*Data section*:
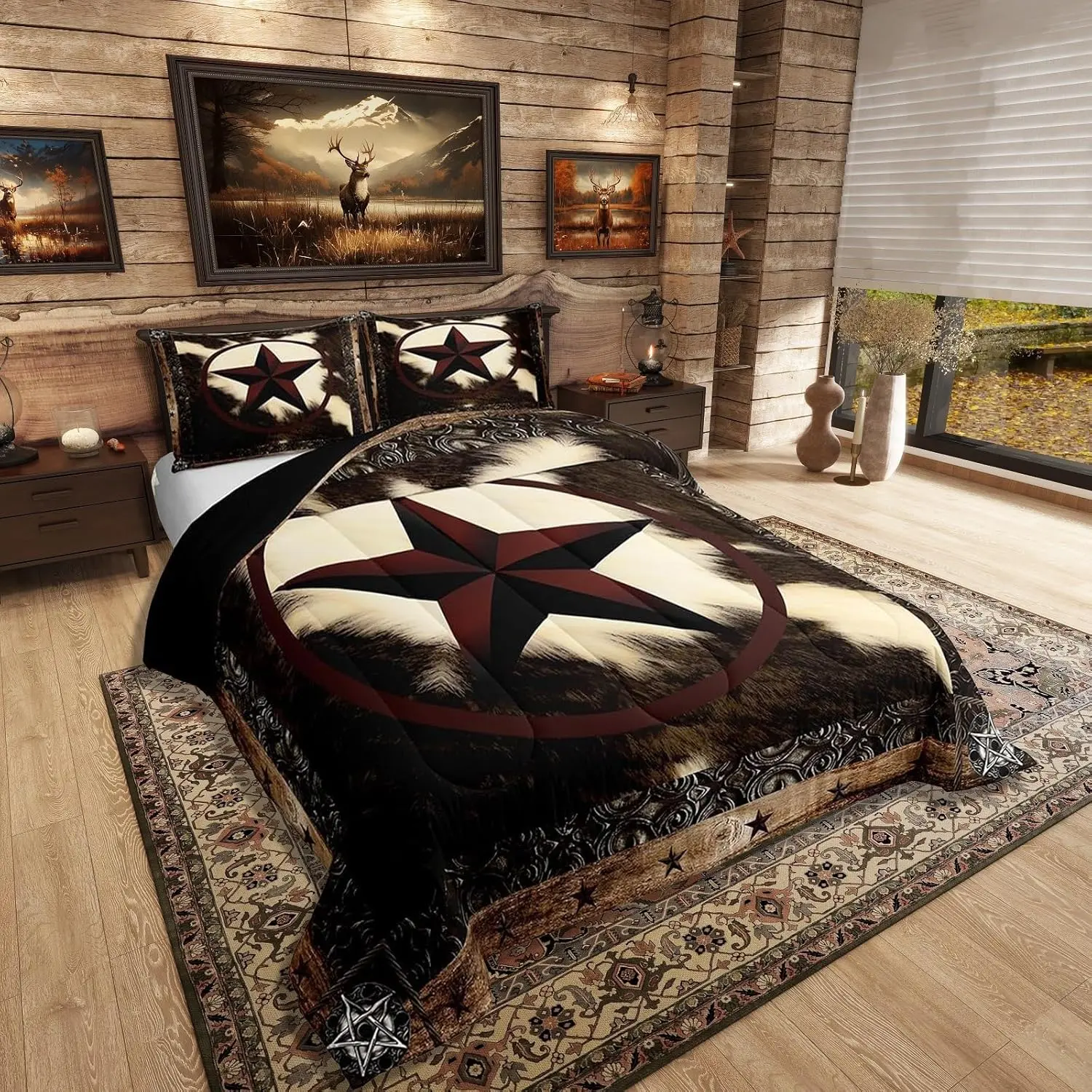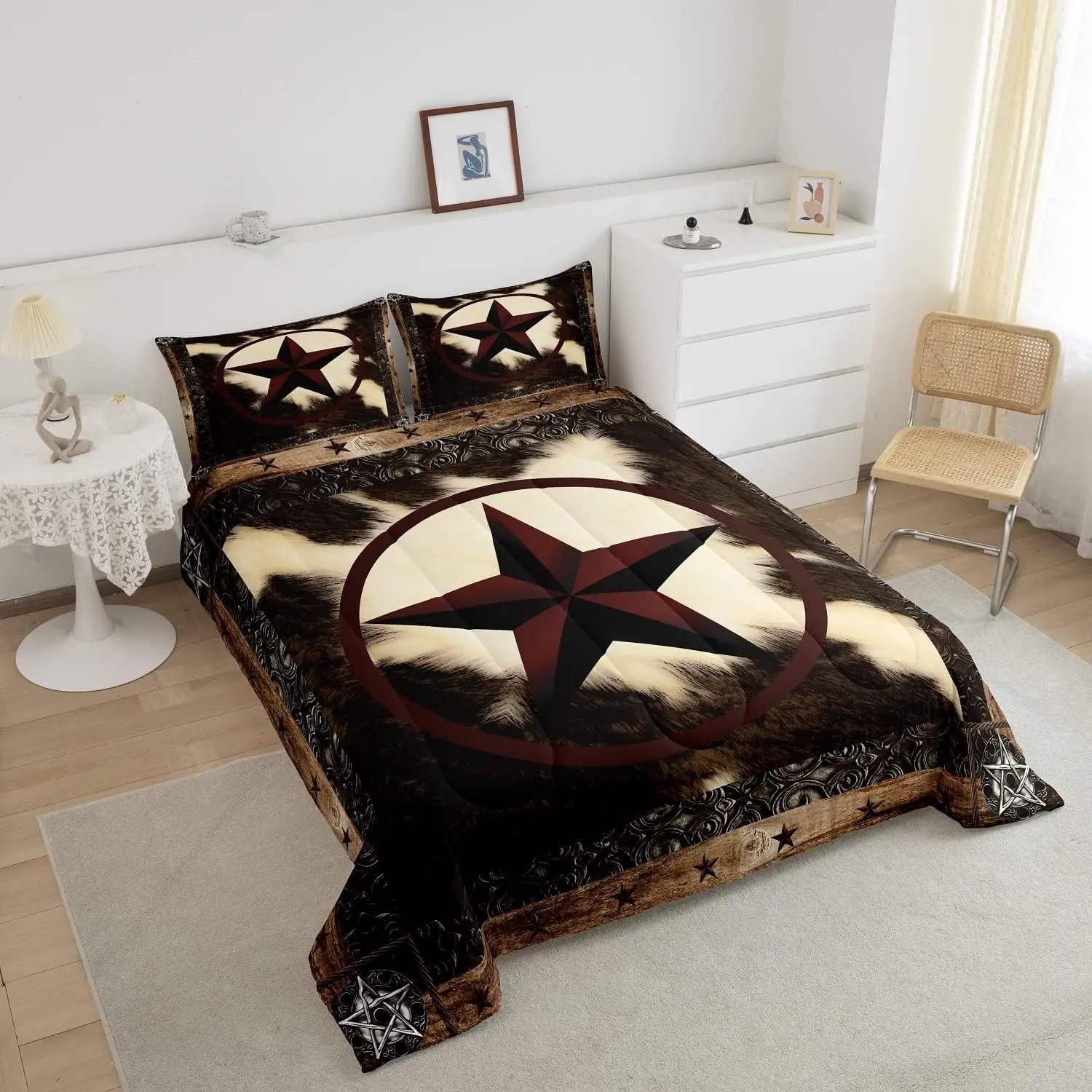 Cow Print Bedding Set,Retro Cowhide Comforter Set for Kids Teens,Adult,Geometric Western Texas Stars Print Duvet Insert Lightweight
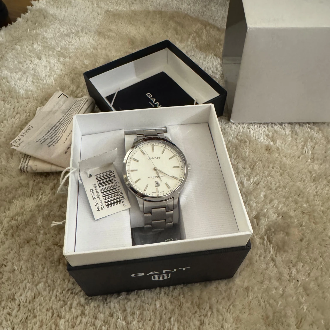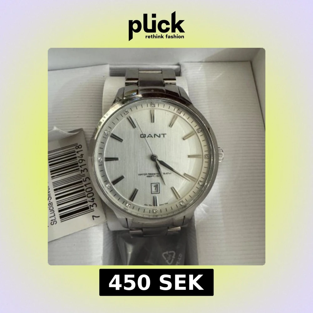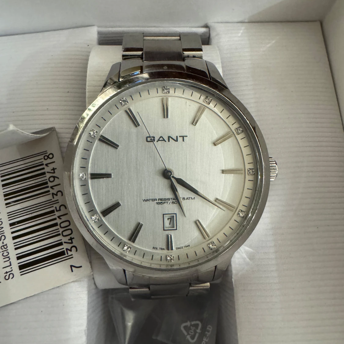 Stilren klocka från GANT i silverfärgat rostfritt stål med rund urtavla och datumvisning. Urtavlan är ljus med silverfärgade index och visare. Klockan har en klassisk länkarmband och minimalistisk design.
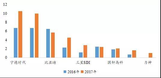 2016-2017年全球主要動力電池企業(yè)出貨量(單位:GWh)
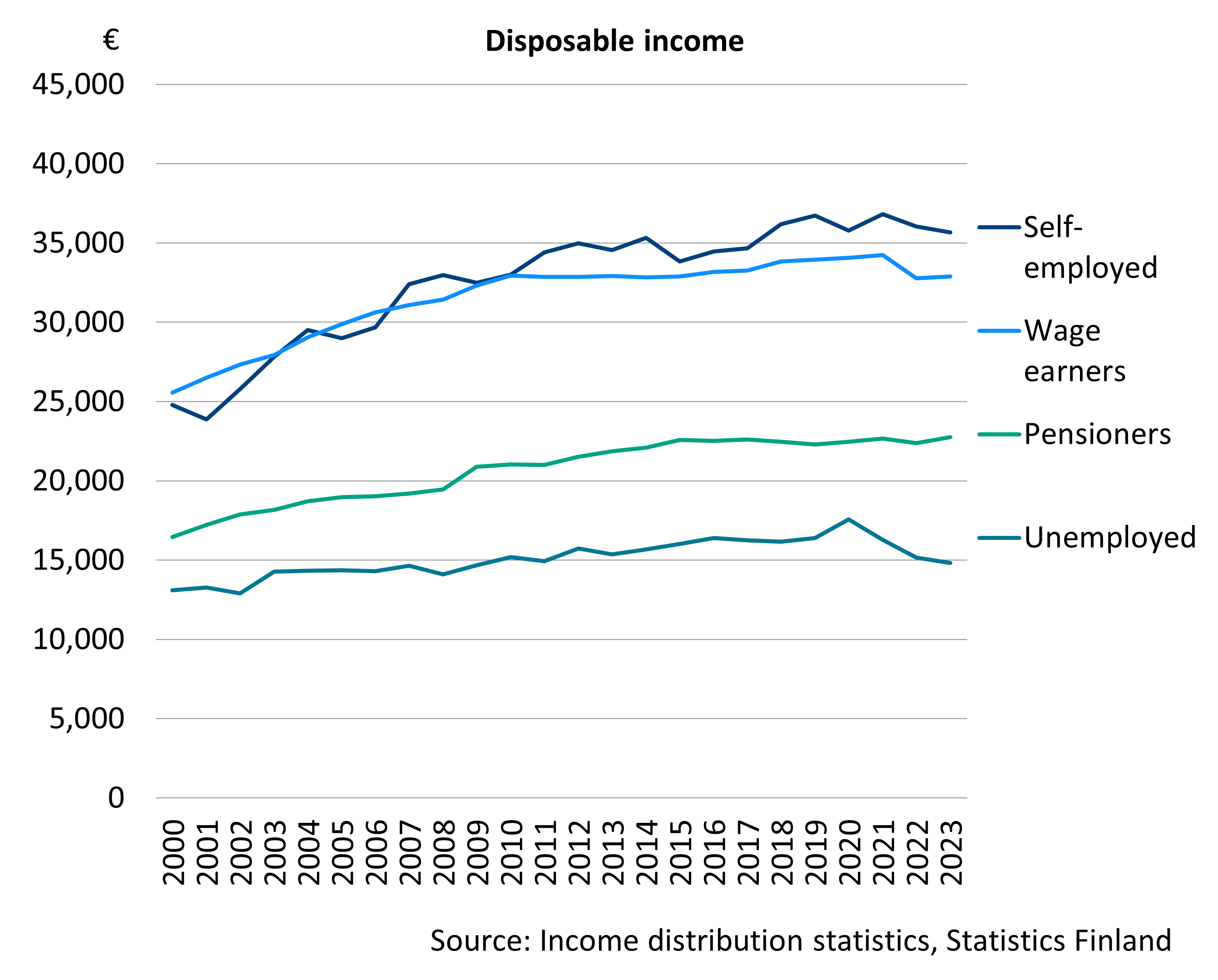 Pensioners’ disposable income is lower than that of wage-earners and the self-employed, but higher than that of the unemployed. Throughout the 2000s, pensioners’ disposable income has been around two thirds of wage-earners’ income. This difference has remained stable in the last few decades. Compared to the income of the unemployed, the income of pensioners has been an ample one third higher in the 2000s.

*Task goal*: Set the listing down exactly, without its pictures.

*Task result*:
 Cow Print Bedding Set,Retro Cowhide Comforter Set for Kids Teens,Adult,Geometric Western Texas Stars Print Duvet Insert Lightweight
 Stilren klocka från GANT i silverfärgat rostfritt stål med rund urtavla och datumvisning. Urtavlan är ljus med silverfärgade index och visare. Klockan har en klassisk länkarmband och minimalistisk design.
 2016-2017年全球主要動力電池企業(yè)出貨量(單位:GWh)
 Pensioners’ disposable income is lower than that of wage-earners and the self-employed, but higher than that of the unemployed. Throughout the 2000s, pensioners’ disposable income has been around two thirds of wage-earners’ income. This difference has remained stable in the last few decades. Compared to the income of the unemployed, the income of pensioners has been an ample one third higher in the 2000s.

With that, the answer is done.